Technical description reports [Click here]
have described, in detail, attacks and structure of the SotM34 dataset. The reports provide sources and types of attacks in the log-files, which were analysed by domain experts. These reports were cross validated and then used to label the dataset’s events.
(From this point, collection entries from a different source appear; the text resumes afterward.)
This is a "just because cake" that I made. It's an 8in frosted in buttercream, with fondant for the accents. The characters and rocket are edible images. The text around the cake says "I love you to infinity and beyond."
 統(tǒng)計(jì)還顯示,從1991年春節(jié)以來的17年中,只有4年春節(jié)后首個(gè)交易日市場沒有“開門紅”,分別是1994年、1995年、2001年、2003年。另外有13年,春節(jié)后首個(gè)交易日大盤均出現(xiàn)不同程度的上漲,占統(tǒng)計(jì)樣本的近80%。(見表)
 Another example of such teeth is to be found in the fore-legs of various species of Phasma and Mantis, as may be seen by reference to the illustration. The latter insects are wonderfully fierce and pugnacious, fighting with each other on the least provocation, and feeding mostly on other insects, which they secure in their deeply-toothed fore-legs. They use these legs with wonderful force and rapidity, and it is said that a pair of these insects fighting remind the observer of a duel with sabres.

Consequently, 80591 events were labelled as shown in the following table:
Log-file Name | No. of Events | No. of Unique Labels |
---|---|---|
HTTP_Access | 3554 | 12 |
HTTP_Error | 3692 | 12 |
HTTP_SSL_Error | 374 | 4 |
SYSLOG_Messages | 1166 | 11 |
SYSLOG_Secure | 1587 | 6 |
SYSLOG_Mail | 1172 | 7 |
SNORT | 69039 | 26 |
Total | 80591 | 78 |
-
HTTP_Access file:
- A01: Failed access attempt to Files/Paths (status code: 404)
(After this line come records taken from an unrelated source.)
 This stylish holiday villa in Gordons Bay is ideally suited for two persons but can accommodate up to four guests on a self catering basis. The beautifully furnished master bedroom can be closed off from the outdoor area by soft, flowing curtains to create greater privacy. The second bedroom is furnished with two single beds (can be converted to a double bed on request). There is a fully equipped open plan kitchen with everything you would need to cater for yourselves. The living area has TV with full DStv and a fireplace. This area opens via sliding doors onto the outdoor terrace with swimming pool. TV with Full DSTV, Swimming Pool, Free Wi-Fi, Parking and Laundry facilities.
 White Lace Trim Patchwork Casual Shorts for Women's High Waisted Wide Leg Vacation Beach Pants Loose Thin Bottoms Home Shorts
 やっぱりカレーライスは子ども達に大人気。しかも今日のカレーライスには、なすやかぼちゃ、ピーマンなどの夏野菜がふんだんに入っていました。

- A02: Failed access attempt to Files/Paths (status code: 400)
- A03: Failed "POST" requests (status code 404)
- A04: CONNECT requests (status code 405)
- A05: Forbidden access attempt to the root directory
- A06: Forbidden access attempt to websites
- A07: Forbidden access attempt to other paths/files
- A08: Proxy request (status code: 404)
- A09: OPTIONS Scan (status code 200)
- A10: Scan for vulnerable PHP scripts (status code: 404)
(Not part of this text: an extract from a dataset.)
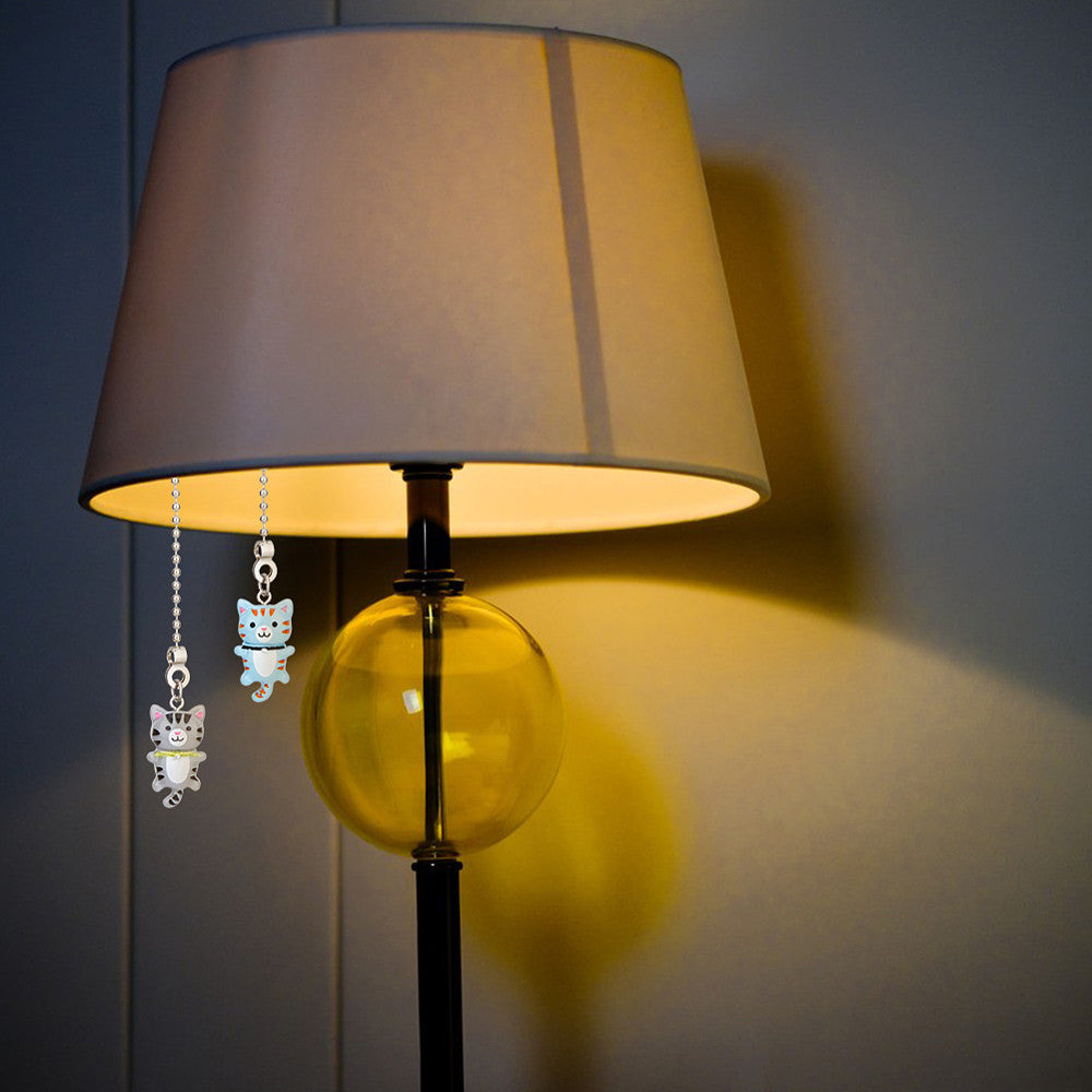 6pc Cat-Shaped Resin Ceiling Fan Pull Chain Extenders with Stainless Steel Ball Chains in Mixed Colors 35cm

- A11: Scan for vulnerable PHP scripts (status code: 200)
- A12: Scan for vulnerable PHP scripts (status code: 500)
-
HTTP_Error_Log file:
- B01: File/directory does not exist
- B02: Directory index forbidden by rule
- B03: Script not found or unable to stat
- B04: Attempt to invoke directory as script
- B05: Attempt to serve directory
- B06: Request without hostname
- B07: sh connection errors (No such file or directory/no job control)
- B08: The timeout specified has expired
- B09: Broken pipe
- B10: Errors/Messages while connections
- B11: System messages (notice: Apache server messages)
- B12: System messages (warn: Child process still did not exit)
-
HTTP_SSL_Error_Log file:
- C01: SSL handshake failed/interrupted
- C02: Spurious SSL handshake interrupt
- C03: SSL Library Error
- C04: System messages (including RSA_server_certificate messages)
-
Syslog_Messages file:
- D01: Message repeated
- D02: Failed SSH login
- D03: CUPS messages (CUPS is the Common UNIX Print System)
- D04: Syslog messages (syslog & syslogd & syslogd 1.4.1)
- D05: HTTP messages (Apache Server)
- D06: rpc.statd messages
- D07: kernel messages (including all subprocesses activated during the Kernel processes)
- D08: Xinetd messages
- D09: Session opened/closed (su daemon)
- D10: Session opened/closed (sshd daemon)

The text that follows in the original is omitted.